My 7 year old, Bradley comes to me and crawls onto my lap, turns my head to face him, and says: "Mom, I have some dollars, 3 I think. Can I give them to Opa?" At this point I was doing my best to hold it together. I told him that I was sure Opa would be so grateful to have them. Bradley then proceeds to ask me what else he can do to help raise money. He proclaimed he wanted to start a "Lemonade Stand Business", that's what he called it. But since it was winter, he thought hot chocolate would be better, and in the summer he would do lemonade.

He said he needed a box, to write a sign. I asked him what he would write and he said he would put...

"My Opa has Leukemia, please buy some.

25 cents"

He has been working on what he needs to run said business. Hot cocoa (of course), cups, spoons and a giant thing to put it in (thermos). Then he said he wanted to go to all the houses being built in our neighborhood and ask the workers if they would buy some. "Because, mom, they are probably cold working outside."
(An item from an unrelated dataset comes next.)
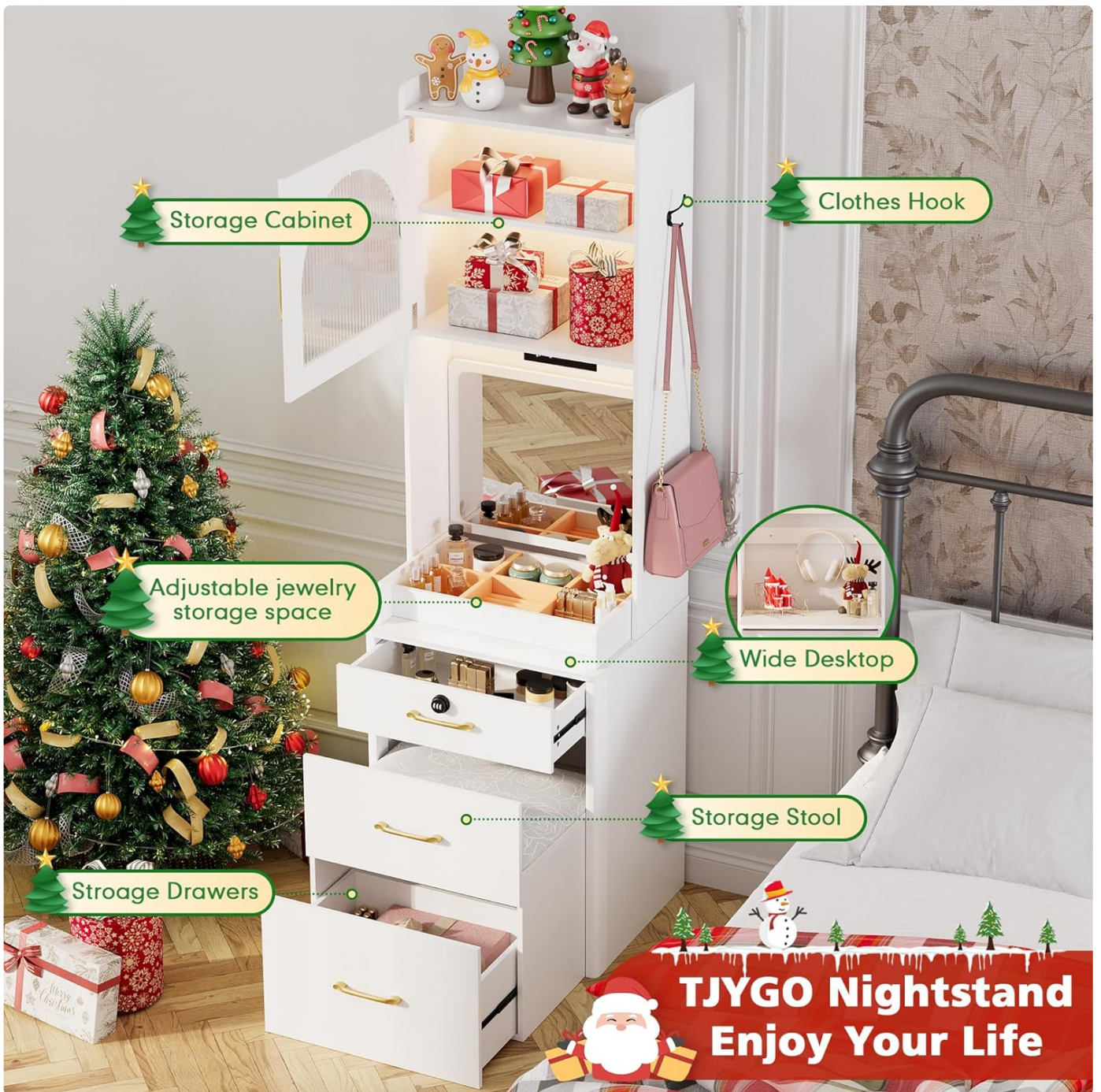
Image: Overview of the vanity desk highlighting its storage cabinet, adjustable jewelry space, wide desktop, storage stool, and drawers.

Yes, I think we all could learn a lesson from a child.

Diagnoses

We've all done it. Heard some kind of tragic, life changing story that applied to someone else's life, and for a moment thought... "I am so glad these kinds of things don't happen to my family." I've done it. I personally have friends whose loved ones have been taken in an instant, or become sick, or even impaired. And everytime, my heart goes out to them completely, followed by that guilty thought.
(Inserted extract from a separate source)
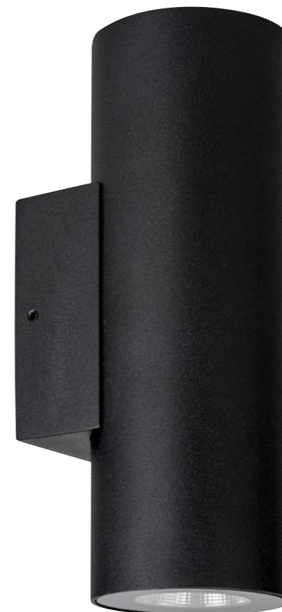
316 Stainless Steel Black

Well, over the last 2 weeks, I have become that individual in your circle of friends. The one you have empathy for, feel compassion for, and then think..."I am glad it isn't me." On Wednesday, October 17, 2012 my dad was diagnosed with Leukemia.

Don't feel guilty though, you should be glad. We all have our individual roles in this life. And for whatever reason this is something my dad has to fight through, and in turn, we must deal with. These types of things are nothing you can really prepare for, emotionally that is. You have to experience and process the emotions, and in time you come to accept it.
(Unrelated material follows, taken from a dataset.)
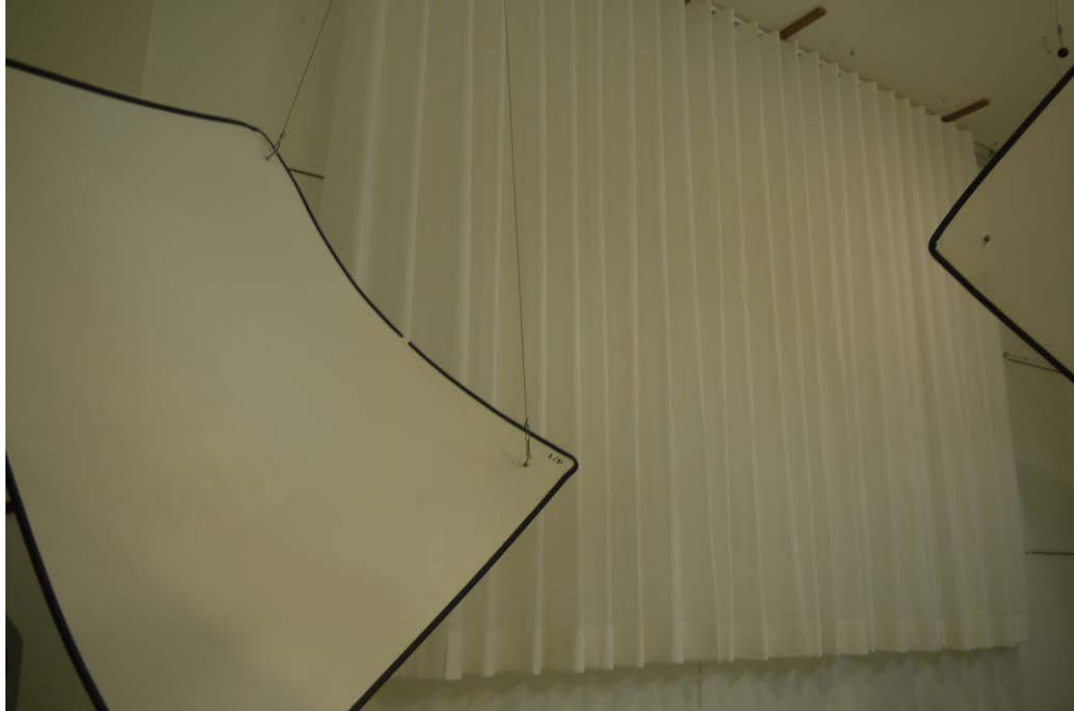
Figure B.3. Test object mounted in the reverberation room.

I have to say though, as far as diagnoses go, we are lucky. When he was first given the news of Leukemia, they talked about a dual phenotype something or other. Meaning they thought he had both the ALL and AML types of cancer. Let's just say that prognosis was bad, like, no hope bad. I remember feeling kind of numb for those few days, and then... some good news. A few days later, the pathologists said it was just the ALL type, and we were pretty happy about that as far as families-that-just-received-cancer-as-a-diagnosis could be.

Now, 2 short weeks later we are trying to get into a routine of how best to help my dad, share the burden with my mom, and for me... make the most of the time. Not that we have been given a time, but I have noticed that since my dad has been sick, our relationship is different, he is different. I mean, how could you really stay the same? He tells me all the time to enjoy my kids, cause the time goes way too fast, that he loves me, and is proud of the mother I have become- and I see the joy in his eyes a lot brighter when I tell him the going ons of my children.

He has always told me he is proud of me, and I always knew it in the past, but now I am hearing it. Like it is sinking into my soul. And every moment I spend with him, I feel like is a photo shoot, memories I will add to my mind should the outcome not end up as optimistic as it started.